I don't know how to write the equation properly, but it's:

  n! + n!/(n-1)! + n!/(n-2)! + ... + n!/1!

which is about 1.389e21 for 21 characters[1] compared to 2.433e18 for
20! so about 1,000 times larger (which I count as 3 orders of
magnitude).

That's a different question. The number of permutations of 21
characters is very different from the number of permutations of up to
20 characters.

That ratio, as Ben said, approaches Euler's constant, e, approximately
2.718281828459045. (Hence the joke about "natural", as e is the base
of the "natural logarithms.)

From your functions, it's simply the ratio

numberOfPermutations(20) / calcFactorials(20)[20]

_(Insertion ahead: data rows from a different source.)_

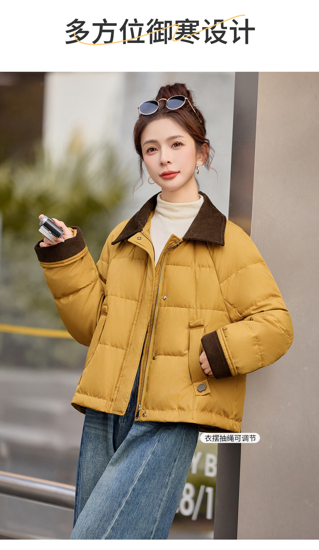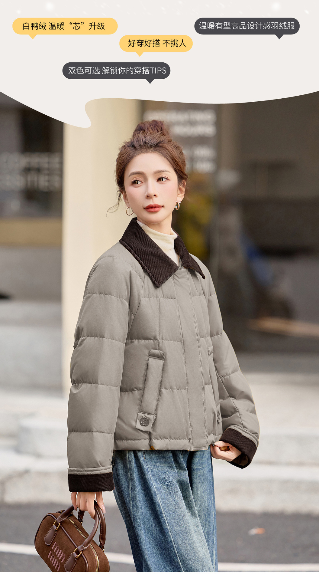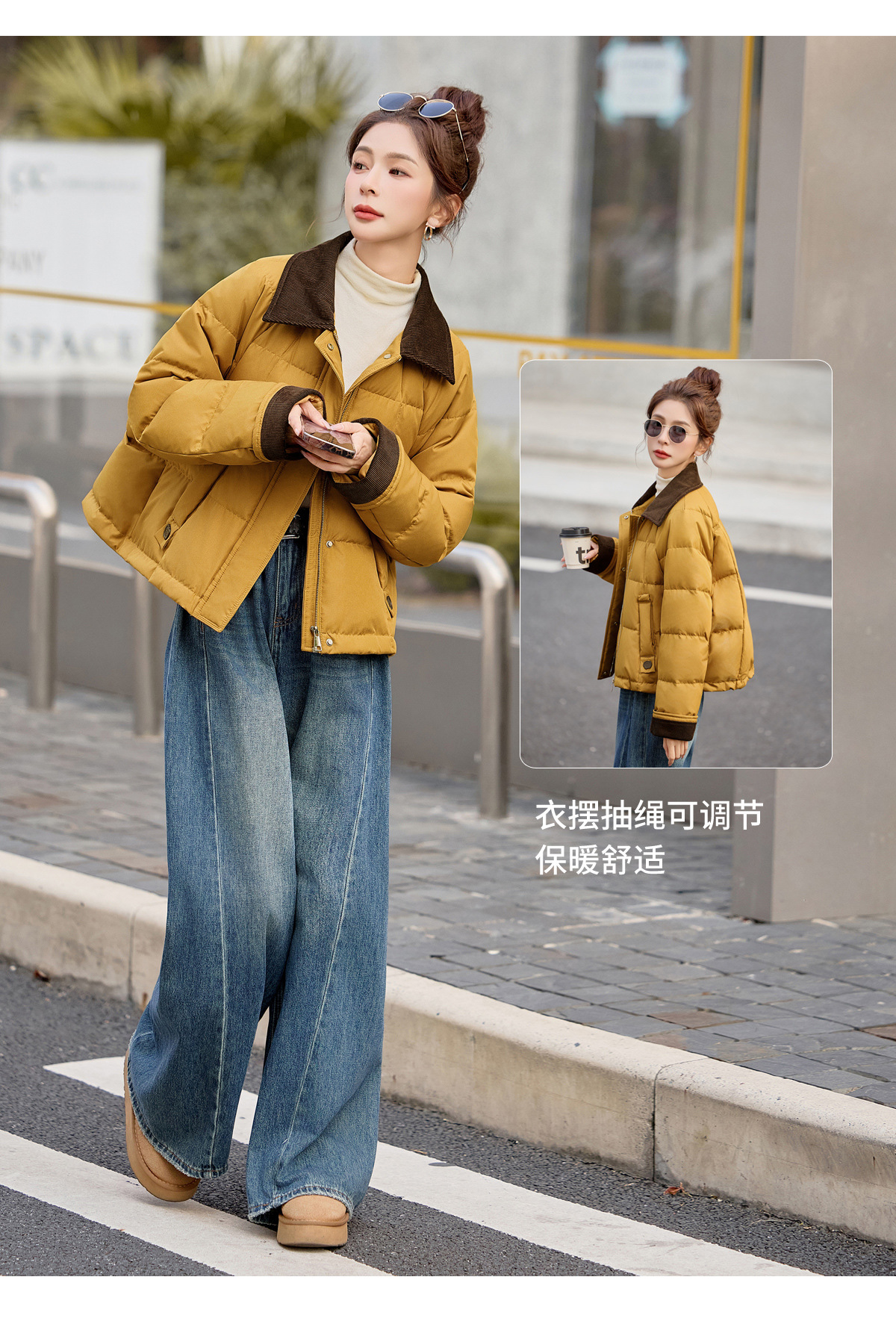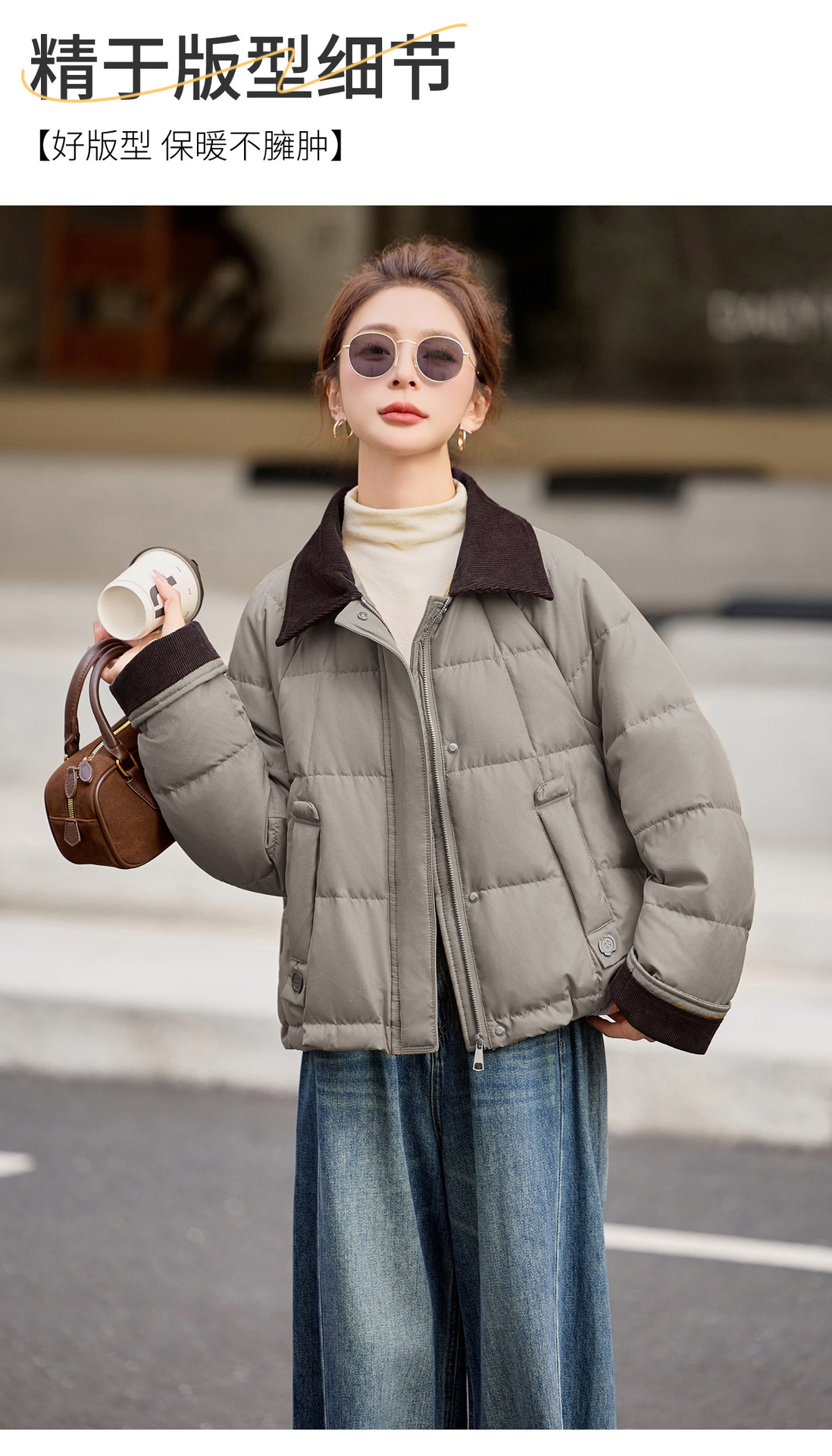 HR JYJ25153休闲风白鸭绒灯芯绒翻领短款轻薄羽绒服 商品图4
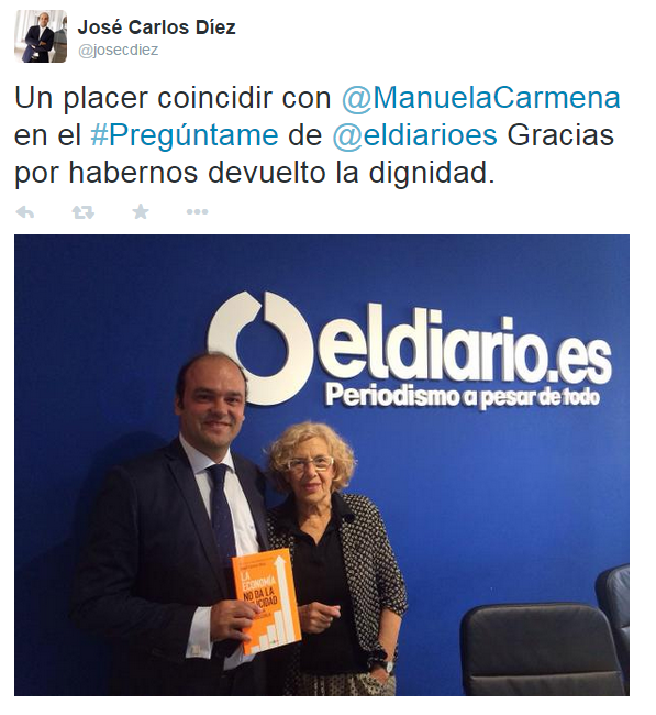 José Carlos Díez, conocido por su habitual presencia en tertulias televisivas, ha publicado una foto en Twitter en la que se muestra especialmente feliz del buen desempeño electoral de Manuela Carmena. "Gracias por habernos devuelto la dignidad", declara el economista madrileño.
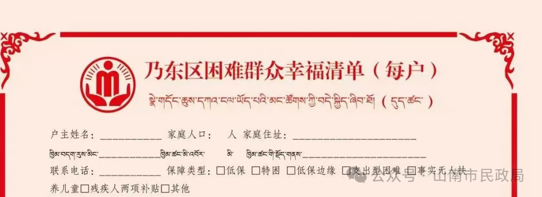 山南市困难群众类型多元、分布广泛,此前部分群众普遍面临“政策看不懂、待遇说不清、资金查不到”的现实难题,民政救助政策知晓率与保障精准度未能完全匹配群众需求。为彻底破解这一民生堵点,打通政策落地“最后一公里”,山南市民政部门践行“民政为民、民政爱民”理念,立足工作实际,以精细化、便民化为导向,围绕“清单到户、政策到人、监督到位”要求,推行藏汉双语版困难群众幸福清单入户张贴服务,将暖心清单送到群众家门口,把党和政府的民生关怀精准送达每一户困难群众家中,切实提升群众的获得感、幸福感与安全感。
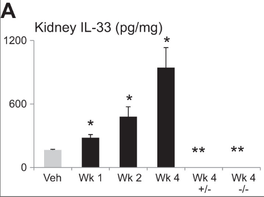 Mice underwent cisplatin-induced acute kidney injury (AKI) and IL-33 was measured in the kidneys every week for 4 weeks. We found an increase in IL-33 each week, which was prevented by knockout of IL-33. Interestingly, mice that were +/- for IL-33 also had no detectable IL-33 in the kidneys
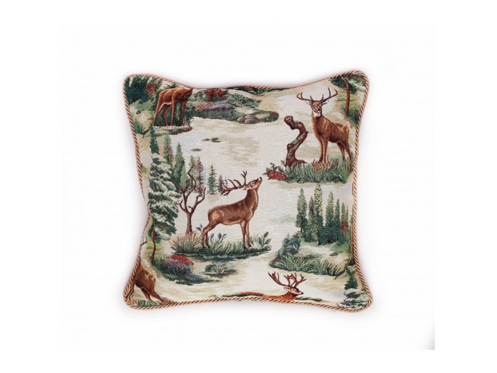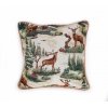 Gobelínový vankúš so vzorom jeleňa a lesa.
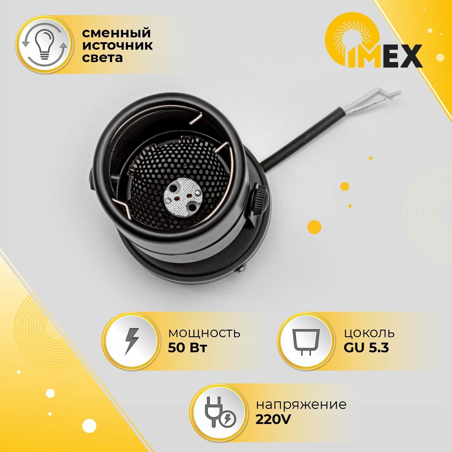 Спот – товар от немецкой компании Imex. Рассчитан на размещение в кафе, магазине, предпочтительный стиль дизайна – современный. Примерная площадь освещения 4 кв. м при максимальной мощности в 50 Вт. Основной материал изготовления – металл черного цвета. Абажур выполнен в черном цвете. Цоколь – GU5.3, максимальная мощность лампочки – 50 Вт. Лучшая цена и быстрая доставка спота в интернет-магазине Люстрон!
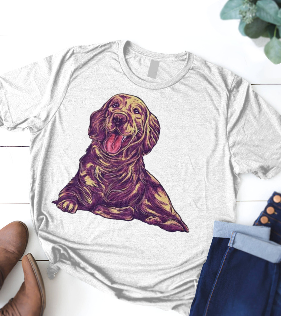 Golden Retriever Cute Dog Shirt made from 100% pre-shrunk ring-spun cotton, unisex regular fit based on U.S. standard sizing. The shirt is designed, cut, sewn, and printed in the United States. Available in sizes S-5XL.
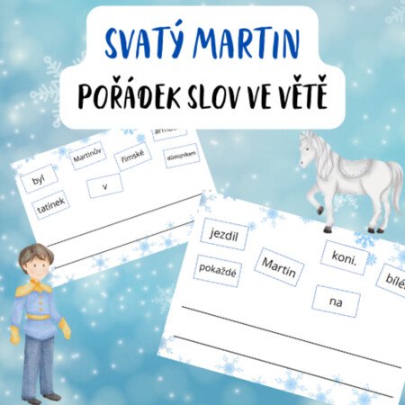 Jednotlivé věty pak mohou žáci poskládat za sebou tak, aby vytvořili smysluplný příběh o svatém Martinovi.
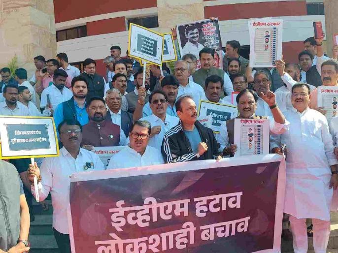 यावेळी नाना पटोले, अंबादास दानवे, सचिन अहिर, महेश सावंत, विजय वाडेट्टीवर, अनिल चौधरी, अभिजित वंजारी, नितीन राऊत, विकास ठाकरे, संजय मेश्राम, आमदार अभ्यंकर, वरूण सरदेसाई, अमित देशमुख आदीसह विरोधी पक्षाच्या आमदारांनी इव्हिएम हटावचे नारे देत सरकारचे लक्ष वेधले. संविधान वाचवा, इव्हिएम हटवा, घटना वाचवा, इव्हिएम सरकार हाय- हाय, अशी घोषणाबाजी केली.
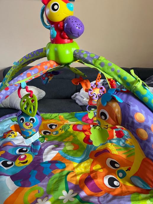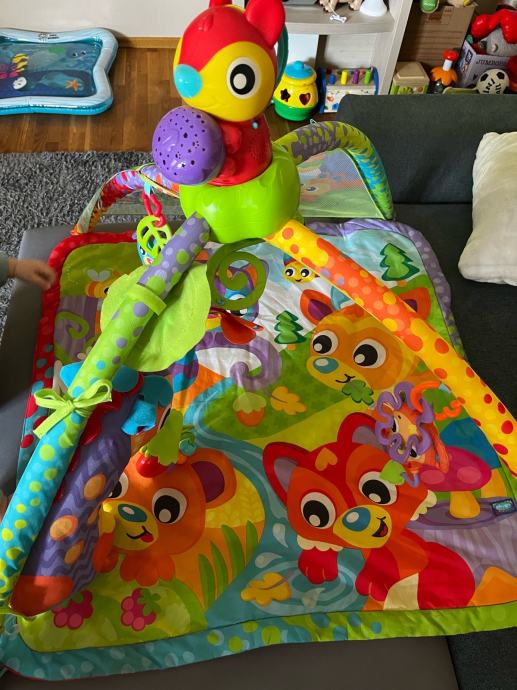 Šarena podloga za igru sa lukom na kojem su obješene igračke stimulira vizualna i slušna osjetila, potiče dijete na promatranje, prepoznavanje i razvijanje motoričkih sposobnosti. Odvojiva noćna svjetiljka u liku vjeverice može se koristiti i kraj krevetića, sa uspavljujućim svjetlima i glazbom. Plišani jelen se također može odvojiti, kao i igračke s luka. Viseće igračke: ogledalo, jabuka zvečka, rakun , medo s prstenom i 2 mekana grizala
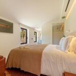 Inside, the home showcases warm, natural materials with a minimalist flair. The fully equipped kitchen features a sleek central island, while the adjoining dining and living areas offer cozy yet refined spaces, complete with a fireplace and custom cabinetry. The principal suite opens directly to the pool terrace and boasts a spa-like bathroom with freestanding tub and walk-in shower.
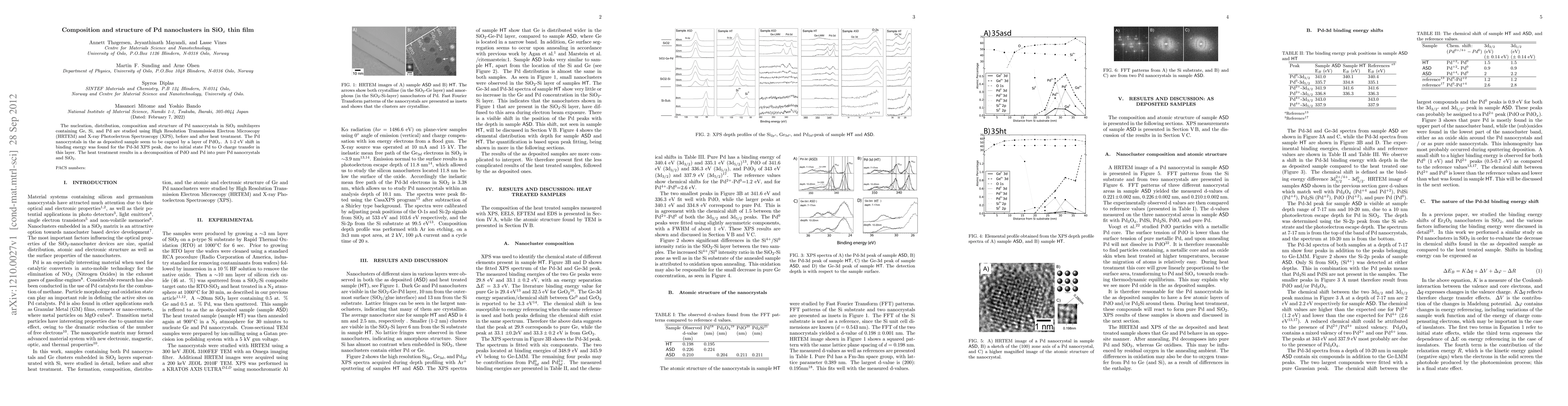 The nucleation, distribution, composition and structure of Pd nanocrystals in SiO$_2$ multilayers containing Ge, Si, and Pd are studied using High Resolution Transmission Electron Microscopy (HRTEM) and X-ray Photoelectron Spectroscopy (XPS), before and after heat treatment. The Pd nanocrystals in the as deposited sample seem to be capped by a layer of PdO$_x$. A 1-2 eV shift in binding energy was found for the Pd-3d XPS peak, due to initial state Pd to O charge transfer in this layer. The heat treatment results in a decomposition of PdO and Pd into pure Pd nanocrystals and SiO$_2$.
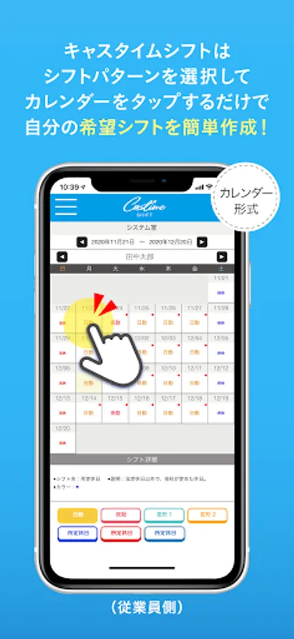 From the employee side, you can select a shift on the calendar screen and apply for the shift you want from the administrator.
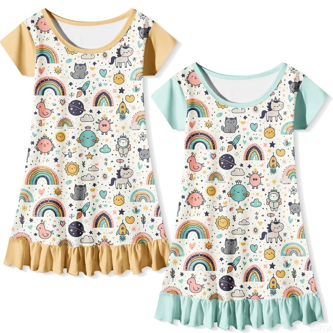 Cute Cartoon Print Casual Dress – Comfortable & Stylish Round Neck Daily Wear
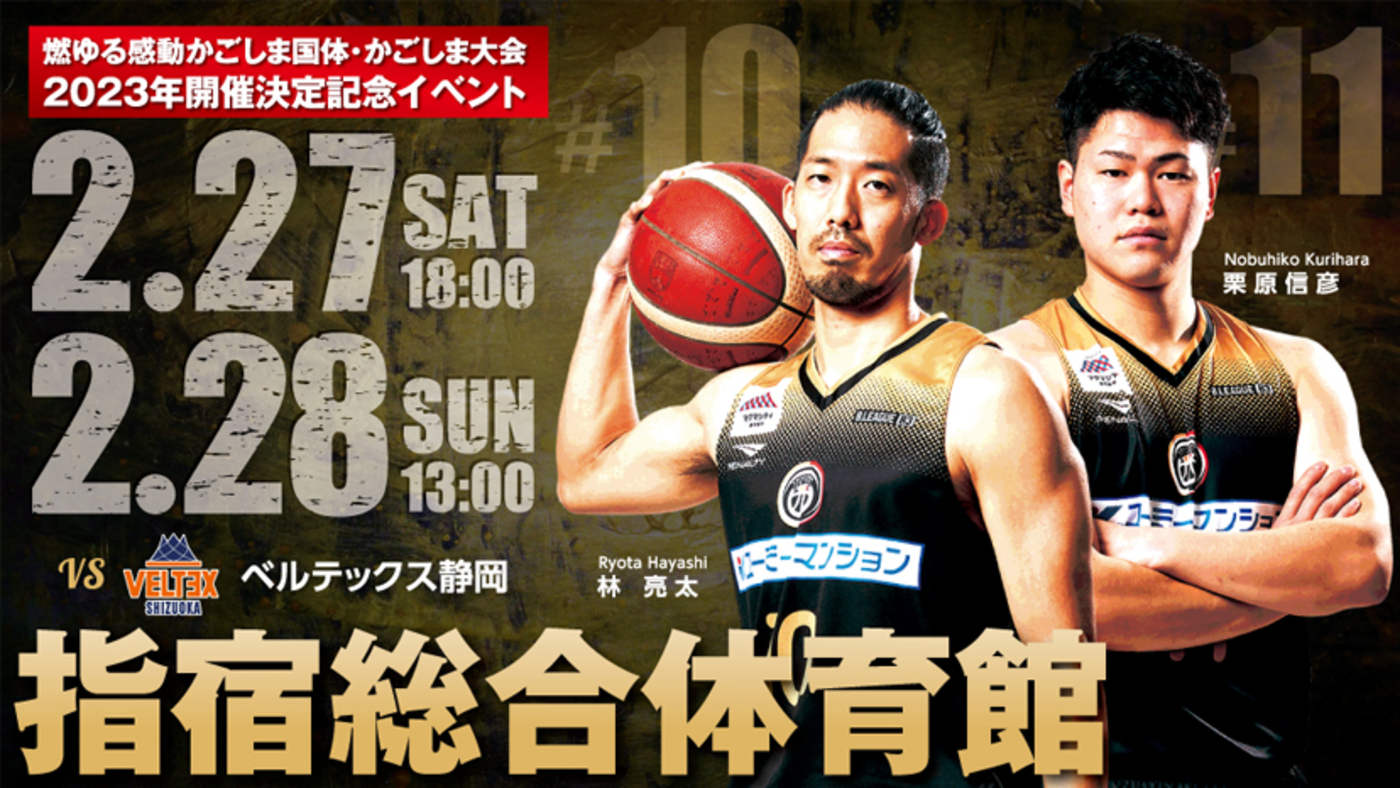 第1戦目は、2月27日(土)・28日(日)地域活性化に関する連携協定を結んでいる指宿市の指宿総合体育館でベルテックス静岡と対戦いたします。
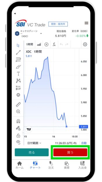 XDCのチャート画面が表示されたら、画面右下「買う」をタップします。
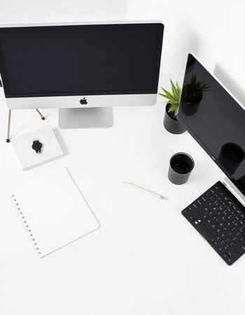 Minimalistic workplace with computer, keyboard, mouse, smartphone and plant on white table
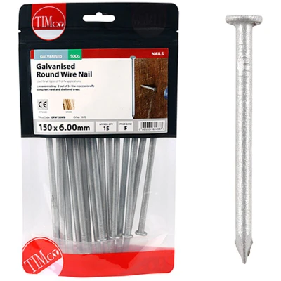 General description Timco Galvanised Round Wire Nails are designed for creating a strong bond between pieces of wood, making them ideal for rough carpentry where the nails will not be visible. These nails are suitable for medium duty rust protection and are perfect for clamping applications. Technical specifications Dimensions: 150 x 6.00 mm Weight: 500 g Service Class: Complies with Service Class 2 Eurocode: Complies with Eurocode 5
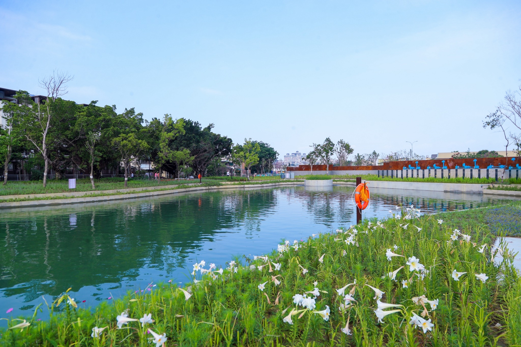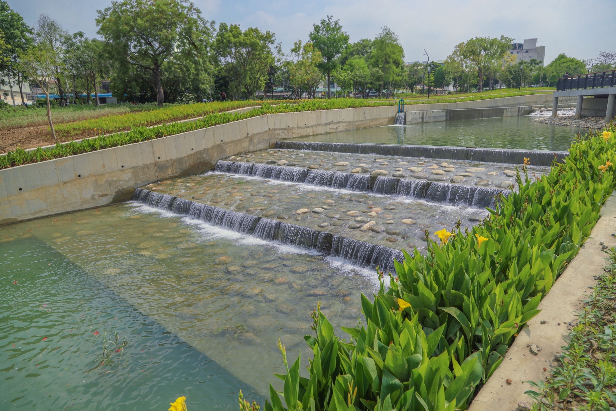 水利局指出,葫蘆墩園區水質現地處理設施每日可處理3,000噸的截流污水,其中100噸的中水作為園區內沖廁用水、植栽澆灌等再利用,剩餘的水則補充河川基流量,涵養水源,扮演著調節溫度、灌溉農田和蘊養生命的角色。
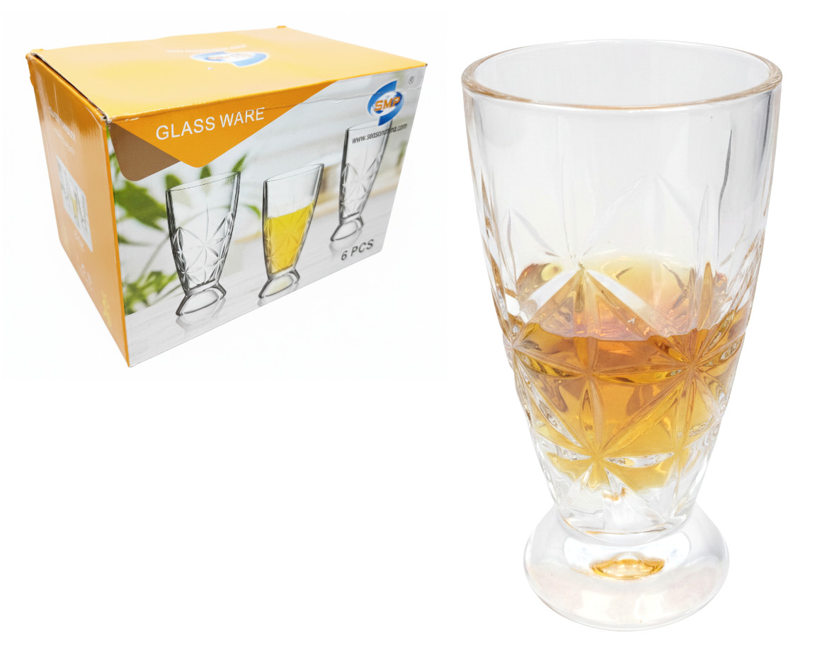 Szklanka wysoka na nóżce wzór gwiazdki 13x7 cm  - kpl. 6 szt

BTW, in your calcFactorials function, you start with this:

var result = [0,1,2,6,24,120,720,5040,40320,362880];

but the factorial of 0 is for numerous good reasons generally taken to
be 1.

-- Scott

 

[RobG]

I don't know how to write the equation properly, but it's:

  n! + n!/(n-1)! + n!/(n-2)! + ... + n!/1!

which is about 1.389e21 for 21 characters[1] compared to 2.433e18 for
20! so about 1,000 times larger (which I count as 3 orders of
magnitude).

That's a different question.  The number of permutations of 21
characters is very different from the number of permutations of up to
20 characters.

That ratio, as Ben said, approaches Euler's constant, e, approximately
2.718281828459045.  (Hence the joke about "natural", as e is the base
of the "natural logarithms.)

From your functions, it's simply the ratio

    numberOfPermutations(20) / calcFactorials(20)[20]

I miscounted the places earlier:

21! = 5.1,09e19
x = 1.389e20

where x is the number of all permutations up to and including 21. And
yes, the ration is pretty close to 2.7 so my bad for guessing when I
should have made sure. Anyhow, they are all stupidly large numbers
where each represents s sequence of calculations.

BTW, in your calcFactorials function, you start with this:

  var result = [0,1,2,6,24,120,720,5040,40320,362880];

but the factorial of 0 is for numerous good reasons generally taken to
be 1.

Thanks, I'll fix that. It also tidies up some of my other calcs.

 

[Dr J R Stockton]

In comp.lang.javascript message <6a56e84f-3236-4485-a226-31d85de9818c@j1
4g2000prn.googlegroups.com>, Thu, 23 Jun 2011 01:58:53, RobG

1. Javascript can calculate the value for 19 (330,665,665,962,404,000
say 3.307e17) or 21 (138,879,579,704,209,670,000 say 1.389e21)
characters, but not 20. I could get a bigInt library onto it, but I
don't really care *that* much.

<http://www.merlyn.demon.co.uk/js-maths.htm#BF> gives, in under a minute
I think, 1e9! = 9.901322510555822e8565705522 - note the 'e'. My
longcalc.exe gets rather slow by 10000!, but it is exact.